Setelahnya, hanya sampai di situ kebijakan berguna yang diambil Sony. Film ini penuh dengan hal tanggung yang membuat penonton tidak puas. Plot cerita yang dangkal, CGI yang pas-pasan, rating yang salah, dan pemain yang tidak pas. Dengan adanya teknologi motion-capture, harusnya Venom bisa terlihat lebih realistis. Walau butuh kerja ekstra dan biaya lebih besar setidaknya hasilnya akan memuaskan. Namun, yang dihadirkan di layar adalah parade CGI kelas menengah yang akan terlihat keren satu dekade lalu. Para penikmat komik tahu bagaimana aksi Venom yang brutal dan keras, seharusnya pihak studio paham akan hal ini dan menjadikan film ini rating R seperti halnya Logan dan Deadpool yang sukses besar.


Asal-muasal Venom sedikit mengalami perubahan dalam film ini. Tidak adanya Spider-Man membuat para penulis harus berimprovisasi bagaimana Eddie Brock memanfaatkan kekuatan Venom. Sayang, di awal cerita, film ini sangat lambat dan hampir membosankan. Film baru terasa seru saat Brock berinteraksi dengan Venom. Namun, kembali ke awal, semua adegan aksi yang penuh dengan CGI membuat aksi Tom Hardy terlihat biasa saja. 

Kelebihan film ini adalah Tom Hardy. Ia sendirian berusaha menghidupkan film ini, sekaligus karakter Eddie Brock. Para pemain di sekitarnya menjadi biasa saja. Mungkin Riz Ahmed yang cukup asyik bermain menjadi Colton Drake. Ia bisa menjadi kejam tanpa menggunakan mimik yang bengis. Sisanya hanya bermain aman, tanpa kesan yang berarti.

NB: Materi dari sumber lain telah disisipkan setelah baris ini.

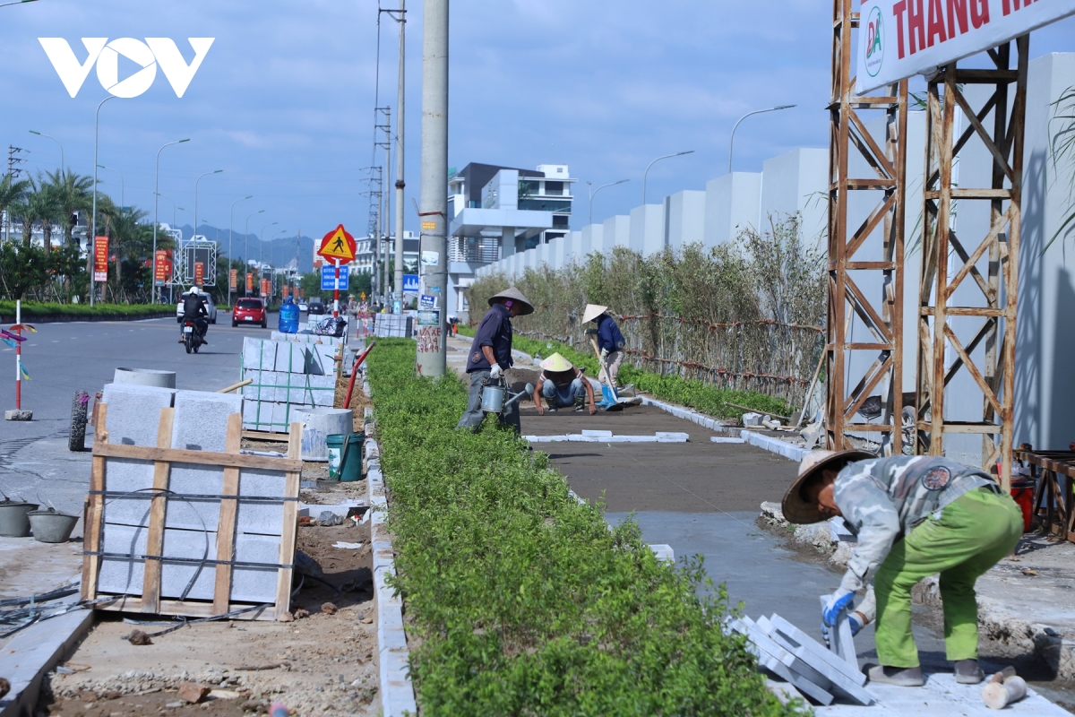 Bên ngoài, công nhân đang khẩn trương thực hiện các hạng mục lát hè, hoàn thiện cảnh quan và hạ tầng quanh Bệnh viện Việt Đức cơ sở 2.

Seharusnya, Sony tidak main-main dalam mengolah properti yang mereka punya. Seharusnya mereka belajar dari kegagalan The Amazing Spider-Man. Masih banyak karakter yang bisa muncul dalam semesta Spider-Man, dan sekali lagi stay true to the genre. Jika memang harus kejam dan bengis, maka buatlah kejam dan bengis, namun semenarik mungkin. Semoga Venom adalah kegagalan terakhir Sony dalam mengolah spiderverse.